COVID community update: ‘Stabilization’ doesn’t mean mean we’re in the clear

JACKSON, Wyo. — Health orders and recommendations are easing, but now is not the time to let our guard down, officials said at a community update Friday afternoon.

“Do not become complacent with hygiene and physical distancing measures, as they are working,” said Rachel Wheeler, public health response coordinator for the Teton County Health Department.

“The end of ‘shelter-at-home’ does not mean the pandemic is over,” Teton Health Officer Travis Riddell echoed. “It means there is currently room for you in St. John’s ICU.”

St. John’s Health CEO Paul Beaupré said public health measures were always intended to keep hospitals from being overwhelmed, and in Teton County, such measures have overwhelmingly worked.

“This week and the week before were the weeks that some models said would be the big surge in Wyoming,” Beaupré said. “I don’t think those models were wrong; I think the sacrifices all of you have made, have made a remarkable difference in where we are today versus where we were predicted to be.

There are currently zero COVID patients in the hospital. Two patients who were transferred to regional hospitals within the last several weeks remain on ventilators.

As long as St. John’s has the capacity to care for patients, which it currently has in abundance, Teton County can move forward with that they’re calling the “stabilization” phase of the COVID-19 response. St. John’s is moving forward elective procedures on patients who test negative for COVID-19. Certain businesses can begin reopening Monday under stringent conditions. The stabilization phase is expected to last 10-14 weeks.

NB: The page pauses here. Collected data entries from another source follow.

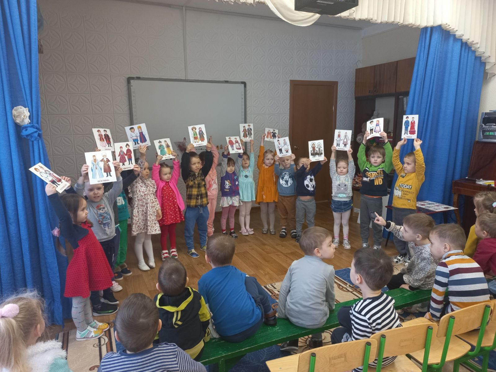 Опубликовано: 13.02.2023Сегодня сотрудники Дома дружбы народов провели с воспитанниками мероприятие в рамках Года национальных традиций и культур. Ребята поговорили о национальностях, проживающих в Республике Татарстан, о культуре, традициях, обычаях, поиграли в игры./Бүген Халыклар дуслыгы йорты хезмәткәрләре балалар белән милли традицияләр һәм мәдәниятләр елы кысаларында чара үткәрделәр. Балалар Татарстан Республикасында яшәүче милләтләр, мәдәният, традицияләр, гореф-гадәтләр турында сөйләштеләр, уеннар уйнадылар.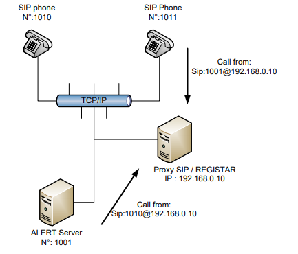 Ce type d’installation autorise des adresses IP dynamiques. Chaque équipement (y compris ALERT) s’enregistre au démarrage auprès du registar sip. Ce dernier est souvent le proxy.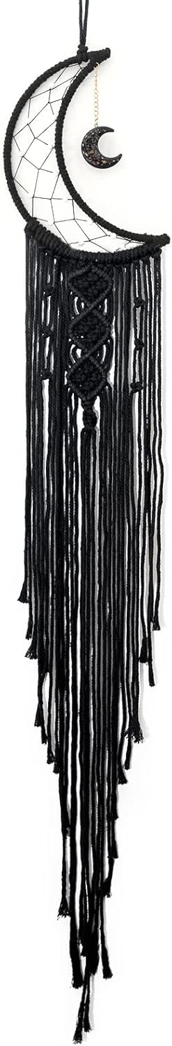 MOONFLY Black Moon Dream Catcher with Handmade Woven Cotton Dream Catchers Boho Macrame Wall Hanging Home Decoration Ornament Craft Gift (Black Moon)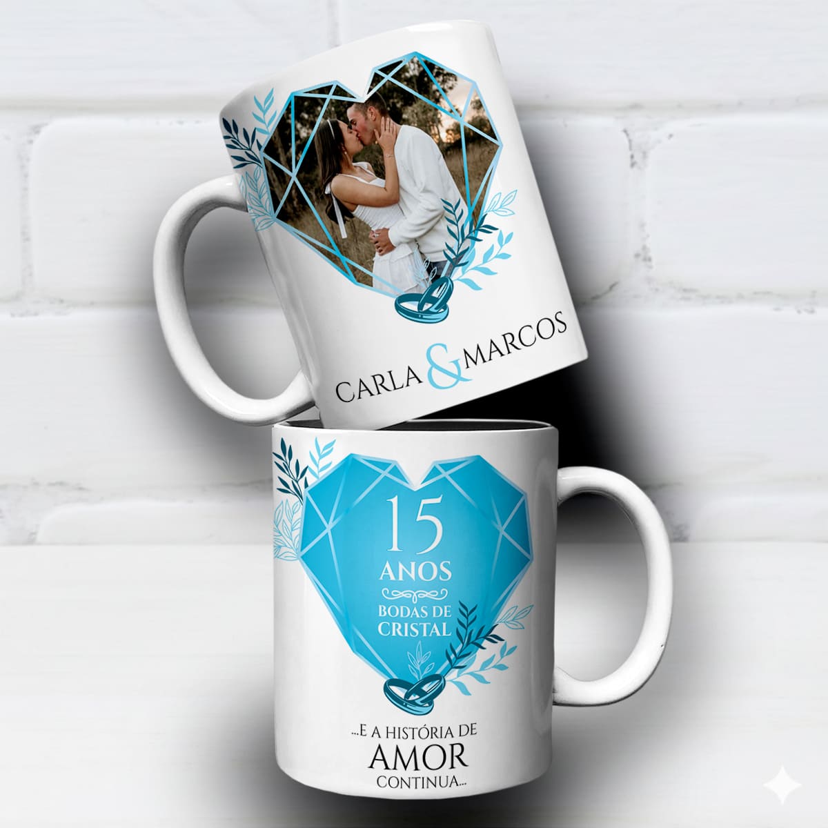 Arte Para Caneca Bodas de Cristal 15 Anos de Casados Com Foto | PNG e CDR Editável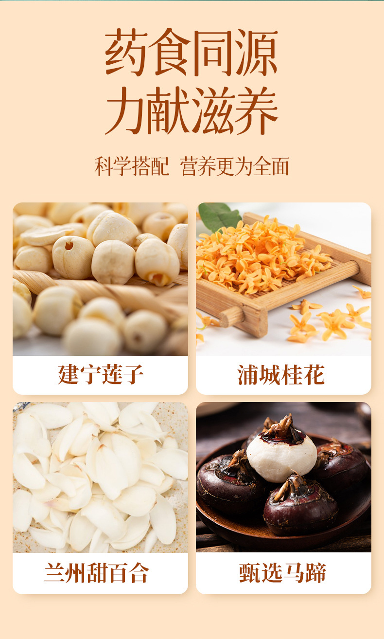 药食同源,力献滋养,科学搭配,营养更为全面,建宁莲子,浦城桂花,兰州甜百合,甄选马蹄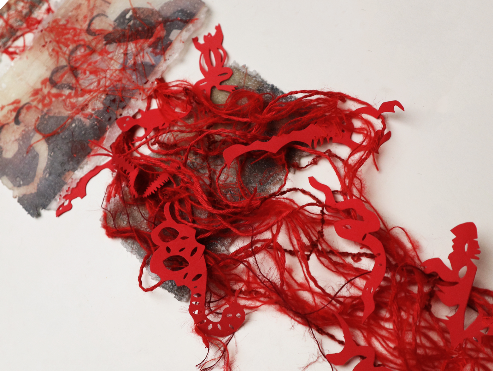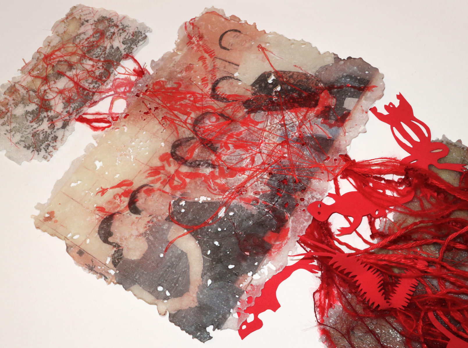 Bad Blood questions family identity and blood ties. In China, home and family are often blurred, but for me this home means horror and hidden pain. Using pâte de verre, I create thin, fragile glass sheets—fuzzy, hole-filled, like my memories. By varying temperatures, grains, and adding materials, I evoke impressions of softness, burning, or stitched scars. Needles and threads pierce holes, violent yet binding, representing blood ties. Ceramic pigments form blurred patterns of the five poisons: toad, centipede, scorpion, gecko, snake — symbols of toxic, alienated kinship. I reveal trauma with playful, sarcastic resistance.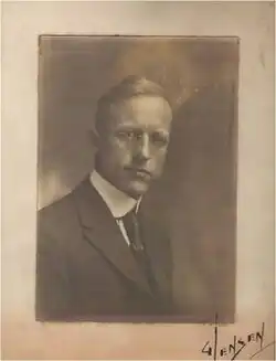 George Jensen (August 9, 1878 – October 4, 1977) was an artist of Danish descent born in Port Clinton, Ohio. Jensen was best known for his Midwest and New England landscape and seascape oil paintings as well as for his artistic versatility producing numerous works from water colors to linoleum block.[1][2][3][4][5] Jensen often traveled to Michigan (Saline, Marquette, Presque Isle), New York, Pennsylvania, Ohio, West Virginia, and Massachusetts (Cape Cod, Provincetown) and compiled sketches which he would later transcribe to canvas.[1][3][6] The Upper Peninsula of Michigan is where he would paint seascapes of black rocks and waves that would "wash 15 feet high" off Lake Superior.[1][3]
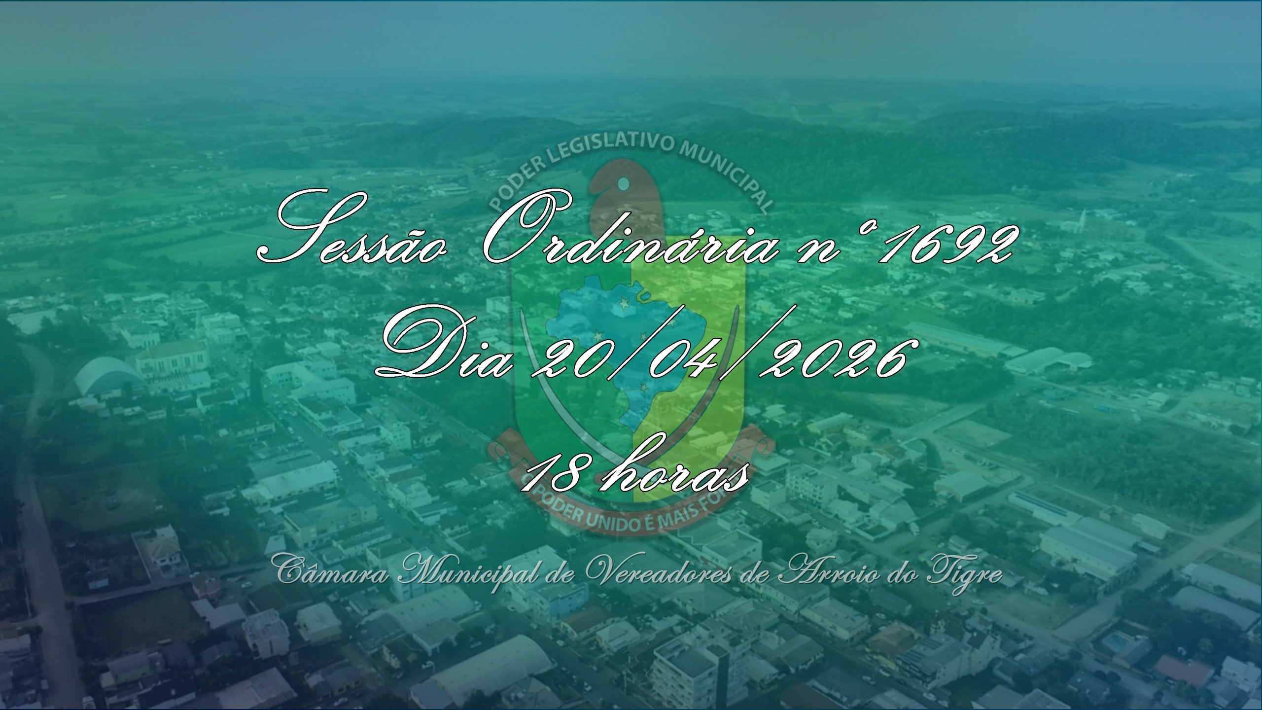 A Câmara Municipal de Vereadores de Arroio do Tigre convida toda a comunidade para acompanhar a Sessão Ordinária nº 1692. O encontro será realizado na próxima segunda-feira, dia 20 de abril de 2026, com início às 18:00 horas, na Sala de Sessões Armidório Oscar Pasa.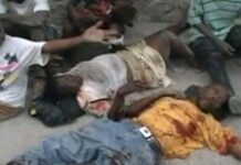 A Port-au-Prince règne une odeur insoutenable, certaines rues sont jonchées de cadavre, bien souvent en putréfaction. Les corps sont souvent transporté à mains...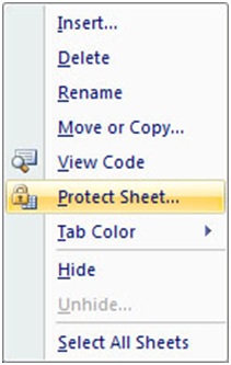 این بار قصد داریم به کاربران اجازه دهیم که به راحتی Workbook را باز کنند، اما فقط کاربران خاصی بتوانند اطلاعات آن را تغییر دهند. برای این منظور از دستور محافظت Sheet استفاده می کنیم. برای اینکار پس از باز کردن Workbook روی زبانه Sheet مورد نظر، کلیک راست کنید و از منوی باز شده، گزینه Protect Sheet را انتخاب کنید.

Riddell also announced a new contact tracing app, called COVID Safe Paths, is now available for download on Apple and Google. The Health Department has been following the app closely for several weeks now, and Riddell said it could play an important role in contact tracing. It would allow users to log their locations privately unless/until they are diagnosed with COVID-19, at which point the Health Department would ask the user to voluntarily share their data so that Public Health could create a digital record of where the virus may have traveled.

The Health Department has also received the results from a second sample of wastewater sent to MIT April 21. The viral copies of COVID-19 more than double since the first sample was sent April 14. These numbers are important to understand how the virus is trending, Riddell said. The study’s future in Teton County is unstable, as the samples are being processed by a “spin-off startup” of MIT that plans to increase its fees ten-fold starting in June.

“We’re hoping to find another vendor or way to work with this vendor,” Riddell said.

As far as Teton County’s economy goes, Jackson Hole Chamber of Commerce President Anna Olsen said much is still unknown. The task now is to work together as a business community to keep the community safe and financially solvent. Olsen reminded business owners that the Chamber and the Economic Recovery Task Force are there to help.

“Other people are going through this. The unknown can be exhausting; I implore you to reach out,” Olsen said.

One22 Director Sharel Lund reminded the community that while parts of the county are emerging from the “emergency” phase into stabilization, “it’s important to recognize that many will remain in an emergency phase until they’re safely back to work full-time. It doesn’t look like that’s going to happen quickly.”

One22 has amped up its community support to unprecedented levels recently. The nonprofit worked with 20 times more people in just eight weeks than they usually do in a calendar year. It has provided financial assistance to 2,259 discreet households representing more than 4,000 individuals.

But “philanthropy alone” will not be enough to keep everyone afloat, Lund said. It will take community-wide relief and recognition for families to be able to continue to pay rent and put food on the table.

“Our goal is to work collectively [with the community] to keep families in their current housing, with access to food and medicine,” Lund said.

While many public health orders and recommendations are easing and will expire May 15, the recommendation to wear a mask in public is as important as ever, Riddell said.

“It shows you’re thinking about the people around you and taking steps to protect them,” Riddell said. “Wearing a mask is an act of kindness.”